Each column should have an `is_na` column should have a column name of the form `col_name_is_na`, for example `review_scores_rating_is_na`.

In [71]:
from sklearn.impute import SimpleImputer, MissingIndicator
imputer_steps = [([col], SimpleImputer()) for col in cols_with_na]

In [72]:
is_missing_steps = [([col], MissingIndicator(), {'alias': f'{col}_is_na'})
                    for col in cols_with_na]

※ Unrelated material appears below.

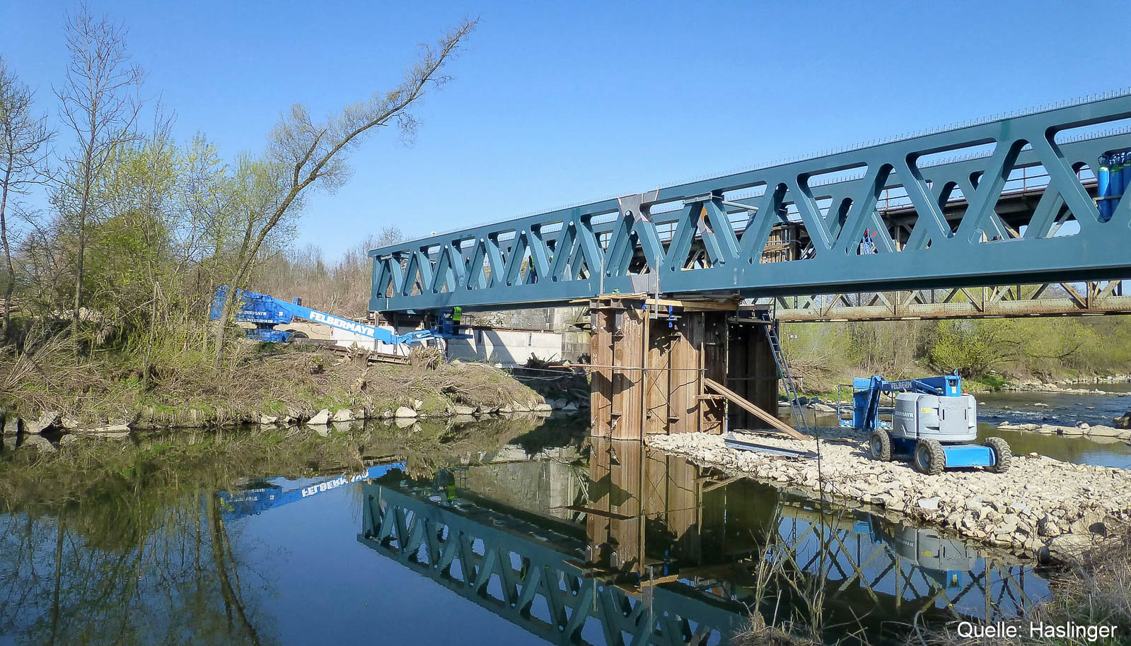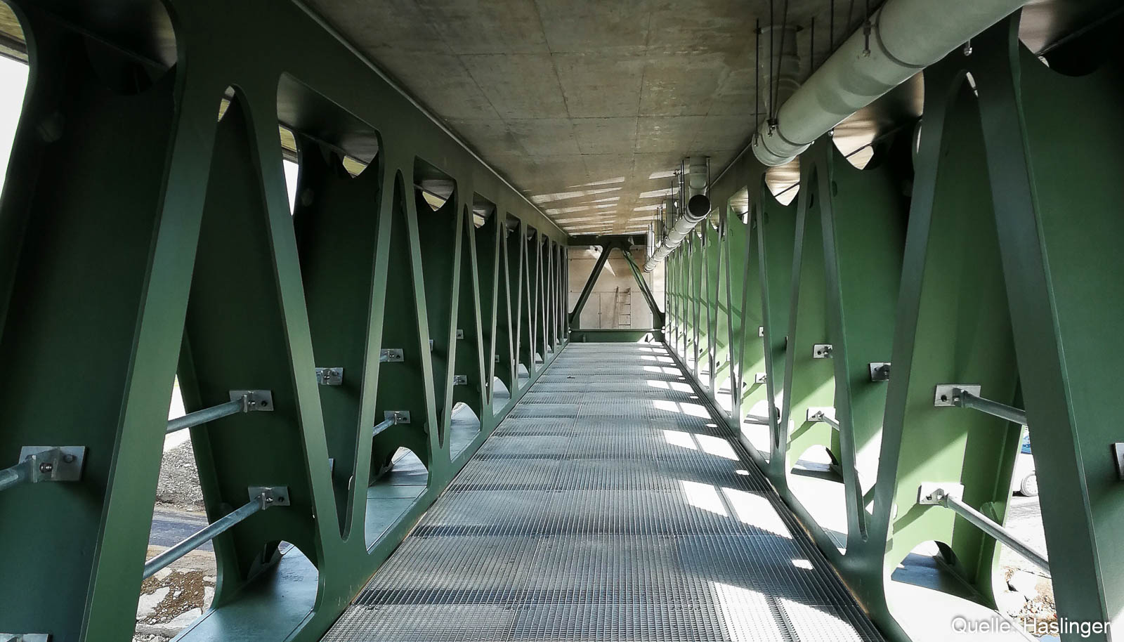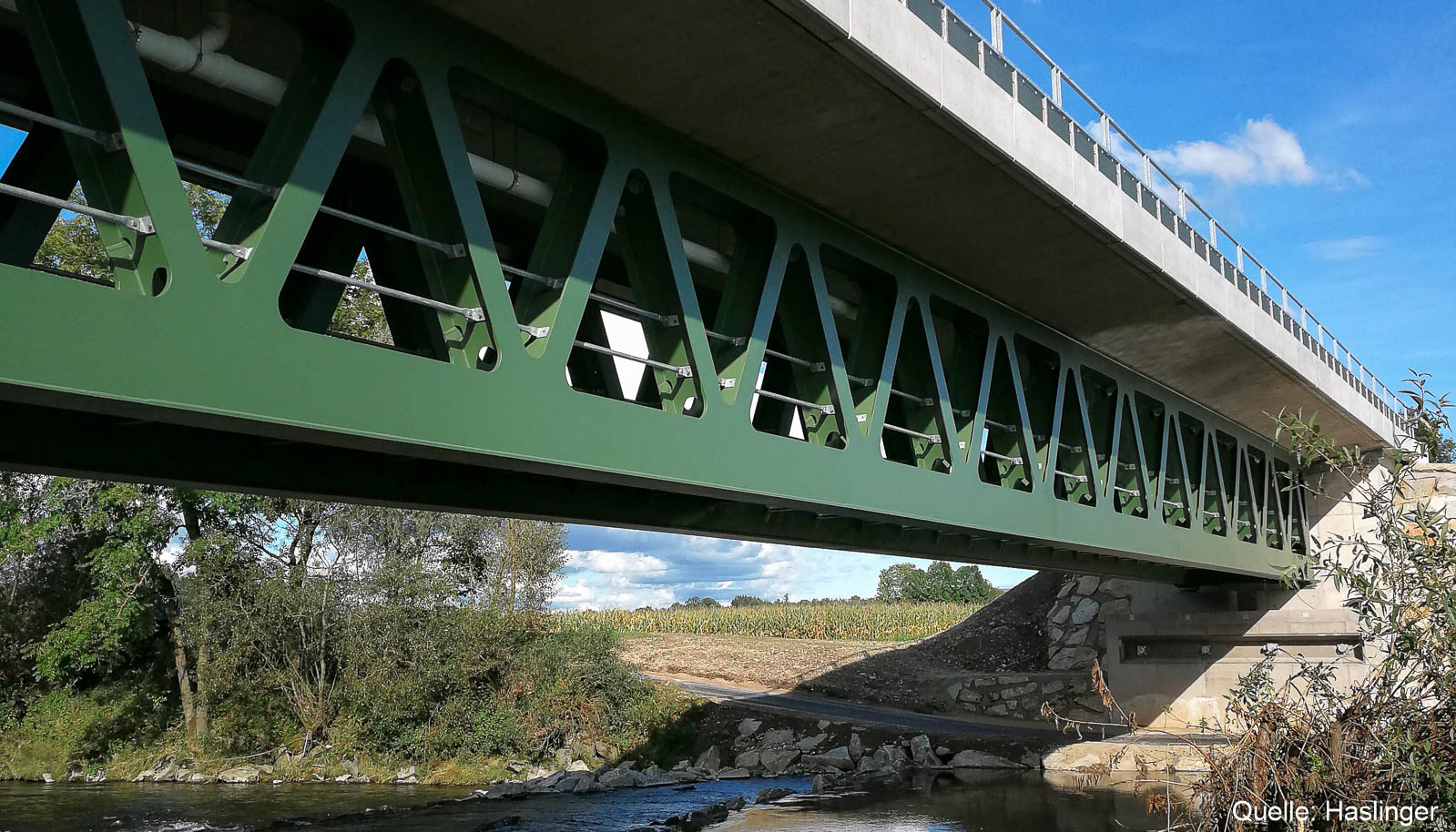 HASLINGER STAHLBAU fertigte diese Brücke in vier Großbauteilen. Diese wurden mittels Sondertransporten an den Einbauort transportiert und mit Großkränen exakt eingerichtet und montiert.

Afterwards, we can combine the steps together.

In [73]:
combined_steps = imputer_steps + is_missing_steps

In [74]:
from sklearn_pandas import DataFrameMapper

In [83]:
is_null_mapper = DataFrameMapper(combined_steps, df_out = True)

In [84]:
dt_transformed_df = is_null_mapper.fit_transform(replaced_dt_df)

In [85]:
dt_transformed_df[:2]

Unnamed: 0,host_response_rate,security_deposit,cleaning_fee,host_listings_count,host_total_listings_count,bathrooms,bedrooms,beds,square_feet,review_scores_rating,...,first_reviewWeek_is_na,first_reviewDay_is_na,first_reviewDayofweek_is_na,first_reviewDayofyear_is_na,last_reviewYear_is_na,last_reviewMonth_is_na,last_reviewWeek_is_na,last_reviewDay_is_na,last_reviewDayofweek_is_na,last_reviewDayofyear_is_na
0,96.0,200.0,30.0,4.0,4.0,1.0,1.0,2.0,465.872727,93.0,...,False,False,False,False,False,False,False,False,False,False
1,91.418246,0.0,0.0,1.0,1.0,1.0,1.0,1.0,465.872727,100.0,...,False,False,False,False,False,False,False,False,False,False


After calling our mapper, we should not have any columns with missing values.

In [77]:
dt_transformed_df.isna().any(axis = 0).any()

False

Then we can drop our original columns with na values.  And replace them with our columns from the mapper.

In [78]:
df_with_is_na = replaced_dt_df.drop(columns = cols_with_na)

In [79]:
dt_transformed_df[df_with_is_na.columns] = df_with_is_na

In [80]:
df_with_is_na.isna().any().any()

False

In [81]:
dt_transformed_df.to_csv('cleaned_listings.csv')

### Summary

In this lesson we finished coercing our data.  We did so by both converting our datetime columns and by  removing our null values.  For the datetime columns, we selected our datetime columns and then looped through them, using our `add_datepart` function.  For the columns with na values, we used a DataFrameMapper to both impute the missing values, and add a corresponding `is_na` column.